Further studies should thus compare the results of Takahashi et al¹⁵ to other approaches to map AF. The authors use ripple mapping to support increasing numbers of studies which confirm localized sources in persistent AF. However, while drivers were predominantly focal by ripple analysis, they are often rotational by optical mapping²⁰, analyses of endocardial baskets²¹, epicardial mapping by ECGI⁴ and recent work using novel computational electrogram analyses to guide ablation which terminated AF before PVI²². Comparative AF mapping in patients at sites where ablation terminates persistent AF may help to reconcile divergence between mapping approaches.
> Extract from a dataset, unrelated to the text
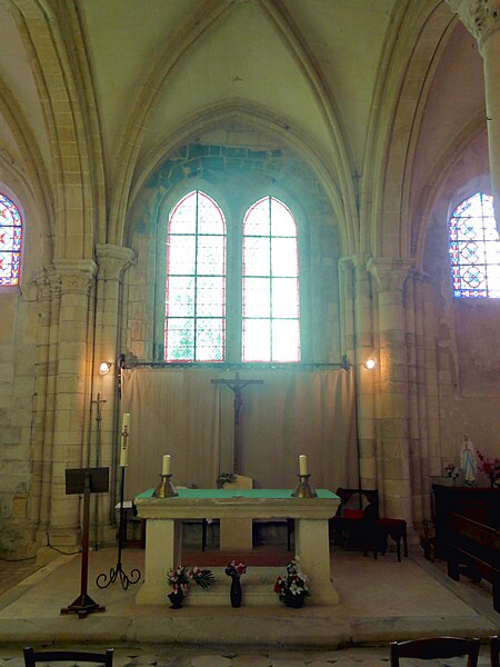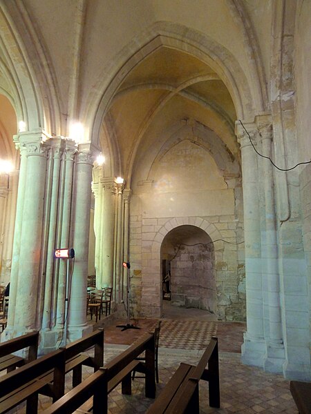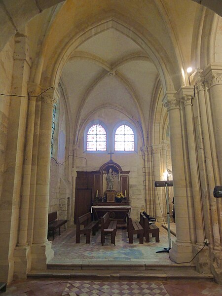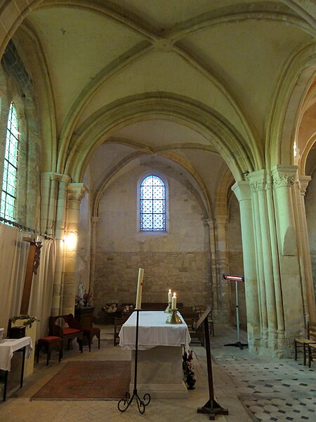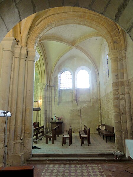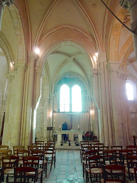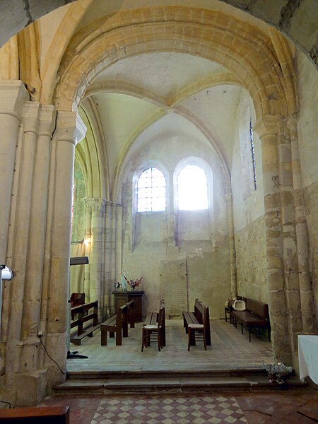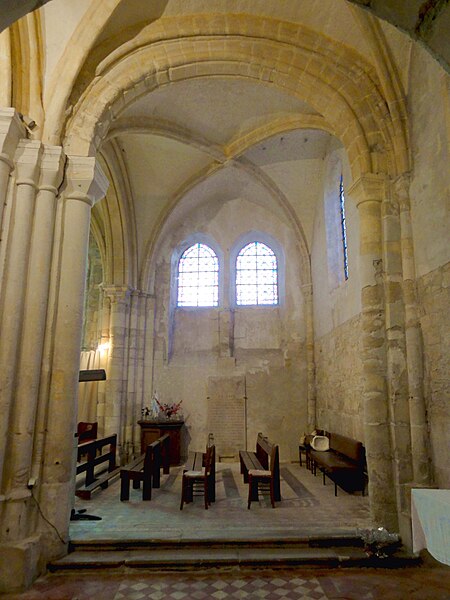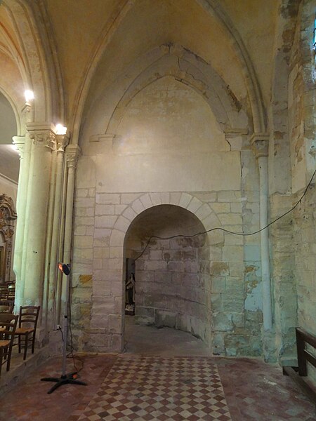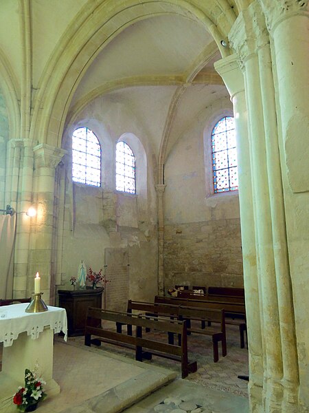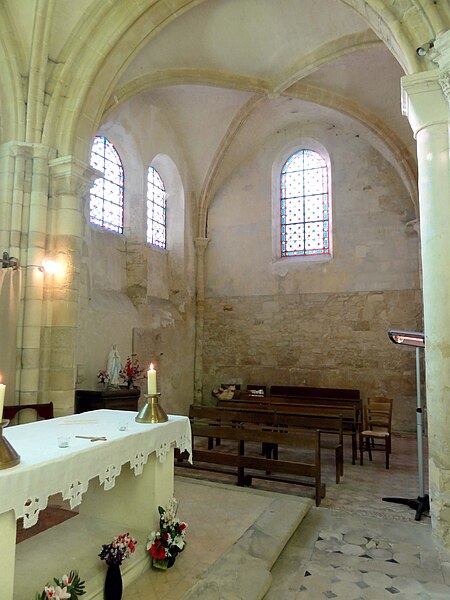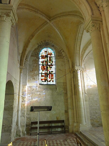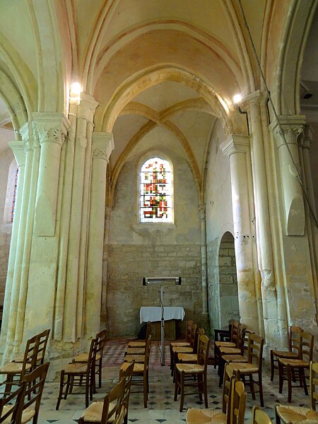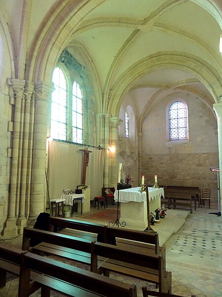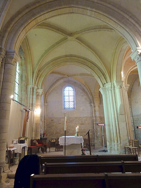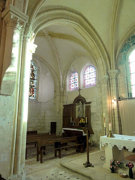 L'église Saint-Martin d'Ableiges (Val-d'Oise) est une paroissiale catholique qui succède probablement à un édifice mentionné en 1071. Son chœur-halle rectangulaire comprend six travées réparties sur trois vaisseaux et se termine par un chevet plat. L'architecture intérieure révèle trois campagnes de construction, discernables par la sculpture des chapiteaux et les profils des voûtes. La partie la plus ancienne est le vaisseau central avec la base du clocher, de style roman au niveau des arcs-doubleaux, et peut remonter aux années 1160-1170, tandis que l'intérieur évoque la première période gothique. Le collatéral sud est légèrement postérieur, et le collatéral nord semble dater des années 1220, comme l'indiquent une clé de voûte « tournante », un arc formeret et certains chapiteaux. Des éléments, tels que des colonnettes sans fonction de part et d'autre de l'arc triomphal et une arcade occidentale bouchée, suggèrent l'existence possible d'une nef antérieure partiellement voûtée d'ogives. La nef actuelle et le porche, dépourvus de caractère, datent probablement du XVIIIe siècle et ont été exclus du classement aux monuments historiques par arrêté du 23 décembre 1931. L'édifice est situé dans la vallée de la Viosne, au sud du village d'Ableiges, face à l'ancienne ferme seigneuriale, et s'inscrit dans un terrain en partie boisé correspondant à l'ancien cimetière ; l'accès permet de faire le tour de l'édifice sauf sur une portion étroite au sud. Il convient de ne pas confondre cette église avec celle de La Villeneuve-Saint-Martin, dédiée à Notre-Dame-de-l'Assomption. Selon les sources, la cure fut concédée à perpétuité à l'abbaye de Saint-Denis en 1071 ; les dîmes furent données en 1138 et la possession confirmée au cours du XIIe siècle puis par une bulle du pape Innocent III datée du 14 mai 1198. Sous l'Ancien Régime, Ableiges dépendait du doyenné de Meulan, de l'archidiaconé du Vexin français et de l'archidiocèse de Rouen. Les parties orientales ont été édifiées en trois campagnes : d'abord le vaisseau central avec ses doubleaux autour du clocher, puis le croisillon et la chapelle latérale sud, enfin le croisillon et la chapelle latérale nord. L'étage de beffroi du clocher fut refait à la période flamboyante, vraisemblablement entre 1480 et 1540, et d'autres remaniements ultérieurs ont affecté baies, supports et clés de voûte. Depuis la Révolution, la paroisse a été rattachée au diocèse de Versailles puis, après la création du Val-d'Oise, au diocèse de Pontoise en 1966 ; l'église dépend aujourd'hui de la paroisse Avernes et Marines où les messes dominicales y sont célébrées environ quatre fois par an à 9 h 30. Le plan de l'église est simple et presque symétrique : un porche, une nef plafonnée sans travées apparentes, un chœur de deux travées dont la première sert de base au clocher, deux croisillons et deux chapelles latérales alignées sur le chevet. La sacristie occupe l'angle entre la nef et le croisillon nord et des passages berrichons voûtés en berceau relient la nef aux croisillons. Les six travées orientales sont voûtées d'ogives et forment un chœur-halle où la hauteur des collatéraux dépasse à peine celle du vaisseau central. Le clocher est coiffé d'une pyramide en charpente couverte d'ardoise ; son premier étage roman, bâti en moyen appareil, contraste avec un second étage de pierre de taille attribué au style flamboyant. Dans le chœur, l'organisation des supports est particulière : les formerets entourent les travées et les ogives retombent sur des faisceaux de trois colonnettes, les chapiteaux des ogives, plus volumineux, déterminant l'orientation des faisceaux. La clé de voûte de la croisée du transept est un disque sculpté de feuilles d'acanthe percé en son centre où apparaît un fruit d'arum ; la clé de la deuxième travée a été refaite à la Renaissance ou à une période postérieure, pendant la seconde moitié du XVIe ou au XVIIe siècle, et présente des cercles concentriques. Les chapiteaux du vaisseau central, de belle facture, s'inspirent de la flore des milieux humides ; beaucoup de chapiteaux au sud ont été mutilés ou refaits, certains remplacements paraissant sommaires et parfois recouverts de plâtre. Le croisillon nord et sa chapelle montrent des ogives au profil d'un tore en forme d'amande, des chapiteaux sculptés de crochets et de feuilles polylobées et des ouvertures qui comprennent un triplet de lancettes dont les latérales sont partiellement bouchées. Le croisillon et la chapelle sud, construits après le vaisseau central, présentent des dispositions analogues, des clés de voûte en rosace de feuillages et des traces d'affaissement ayant motivé des réfections locales. Extérieurement, le porche et la nef sont en moellons enduits ; le porche, moins élevé et discrètement décoré, comporte un linteau encadré par pilastres à chapiteaux doriques et une niche abritant une petite Vierge à l'Enfant. Le clocher, dont le premier étage roman est partiellement masqué par les combles, conserve des éléments intéressants comme des cordons sculptés de fleurs de violette et des colonnettes d'angle dont les chapiteaux témoignent d'évolutions postromanes. Le chevet plat, sobre mais équilibré, se distingue par des groupes de lancettes géminées et par la régularité des façonnements malgré de nombreux remaniements et des contreforts refaits à l'époque moderne. Parmi le mobilier, la Vierge à l'Enfant de la niche du retable de la chapelle nord, en pierre et haute de 123 cm, est classée au titre des objets ; sa datation est assignée au XIVe siècle et elle est recouverte d'un badigeon blanc du XIXe siècle avec des rehauts dorés. Le retable baroque du mur sud de la nef, en bois sculpté peint et partiellement doré, comporte un panneau central avec un tableau représentant la Charité de saint Martin, probable

Using this approach, recent studies have revealed rotational as well as focal drivers at sites of AF termination using mapping methods²³ previously reported not to show rotational activity in different patients (or animal models) mapped epicardially²⁴. After such validation, techniques can be used to address questions such as why acute AF termination often does not predict long-term outcome.

In conclusion, Takahashi et al should be congratulated on using ripple mapping to identify potential drivers of persistent AF. The prevalence of AF drivers between patients, and whether they indicate focal, rotational or other activation patterns will be assisted by studies that compare AF mapping modalities in the same patients, referenced to acute termination by map-guided ablation. This approach is analogous to methods widely used to validate mapping for other rhythms. Novel and potentially complementary AF mapping approaches validated in this way will offer a real opportunity to improve ablation outcomes.